I found a very small electric chain saw at a sale that had never been assembled. My son, Kevin,  and my friend Rich got it together and warned me about the dangers of using a chain saw.  I wear protective goggles and gloves when I use it, and only on the largest diameter limbs, otherwise I use the bow saw.
 Since the limbs have been outside for a while, they are brittle and dry.  I can snap some of them between this forked tree avoiding cutting them at all!  A little leverage works well.
 I cover my wood piles and log rings with tarps 
 
weighted down by old window sash weights.  The wind has been really fierce this winter and the weights have worked to keep the wood covered and dry.
  
Even on the coldest days, you can pick up smaller twigs that have blown down from the garden's old trees. I pile them on a  patio table that has a round slate top, then I 
 
snap them into smaller pieces and store them in a covered garbage pail near the log rings.
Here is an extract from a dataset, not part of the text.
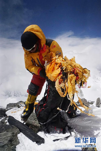 2018年5月,次仁旦達(dá)在珠穆朗瑪峰7500米的高度撿垃圾。 新華社發(fā) 次仁旦達(dá),四次登頂珠峰,卻并未因此而欣喜。本是最圣潔的地方,卻隨處可見到垃圾,讓生長(zhǎng)在珠峰腳下的他感到心痛。于是,他默默地彎下腰,頂著每秒20米的風(fēng)速,冒著零下50攝氏度的嚴(yán)寒,拾起沿途遺棄的廢棄物品。 剛開始,是他一個(gè)人在干,后來(lái)一群人跟著干。5240公斤的生活垃圾、1000多公斤的登山垃圾,以及2260公斤的排泄物……他們誓言,在海拔8844.43米的地方,做一名衛(wèi)士,守護(hù)好這片凈土。 來(lái)自河北滄州的李德,身上貼有很多看似“撞色”的標(biāo)簽:既是環(huán)衛(wèi)工人,也是首位享有國(guó)務(wù)院特殊津貼的環(huán)衛(wèi)專家;一手拿著初中文憑,另一手卻有9項(xiàng)國(guó)家專利,100余項(xiàng)技術(shù)創(chuàng)新……他發(fā)明的“小型糞便機(jī)械化作業(yè)車”,讓清潔工人只需按動(dòng)操作閥門就能自動(dòng)完成從清淘到傾倒,身上不會(huì)沾染臟污。
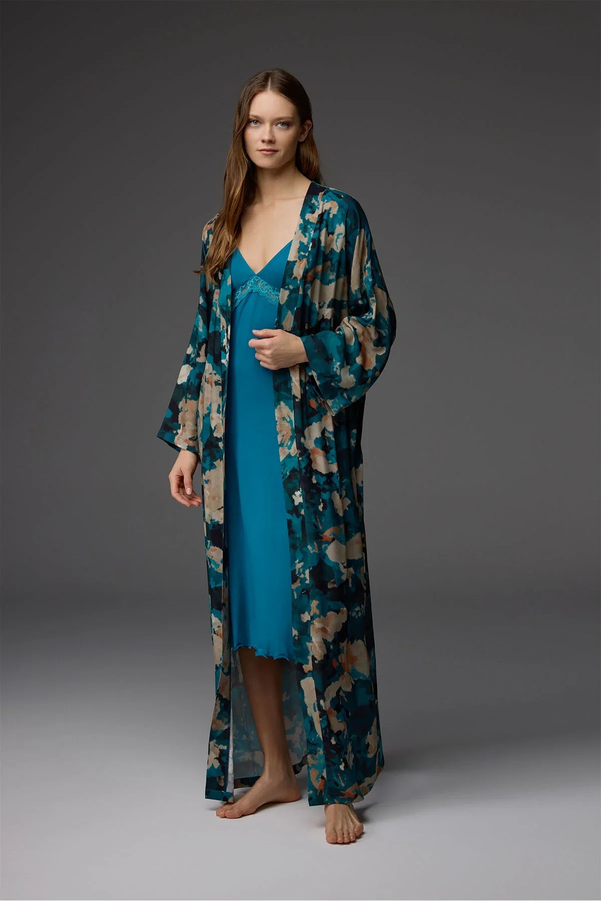 Desenli kemer detaylı uzun sabahlık

Three of the most important tools that I have, when I am sawing wood in the barn, are two real hair brooms, one push broom and one fox tail broom, and a metal dust pan.  I think that these are probably 30 or 40 years old each.  They work perfectly and pick up the chips from the chain saw and the sawdust too.  I'll match these up to any synthetic and plastic brooms for excellence, and they last longer.  Grab them if you see them at a garage sale.  
 
I use old oriental carpets to protect the floors, and a canvas carrier to bring in twigs.  Yes that is a Chinese fishbowl that I put kindling and egg carton in to start the fires.
Henry Ford said:

“Chop your own wood, and it will warm you twice.”

 
 
when you pile it into your wheelbarrow,
 
and bring it in from the way back, 
 
when you bring it into your barn, or stack it in a log ring or wood rick, and just the idea of looking at a fireplace or snuggling up to the stove, even an ugly one, wood warms you.
  The best warmth is when you get your regular fuel bill from the natural gas company and it isn't quite as high as you thought it might be, and how you feel independent just in case of an ice storm or power outage which can happen even in suburbia.
I have been very careful about having my stove installation certified by an inspector and  I have my stove pipes and chimney cleaned out regularly.  When things were made in the good old USA, they were made to last and they worked well.  I just do not have the time or the money to buy what is now made out of country.  I say the money, because newer tools just don't last very long.  I hope that if I take care of my chain saw it might go for a while, I know that the brooms and the wheel barrow will be around a lot longer than that!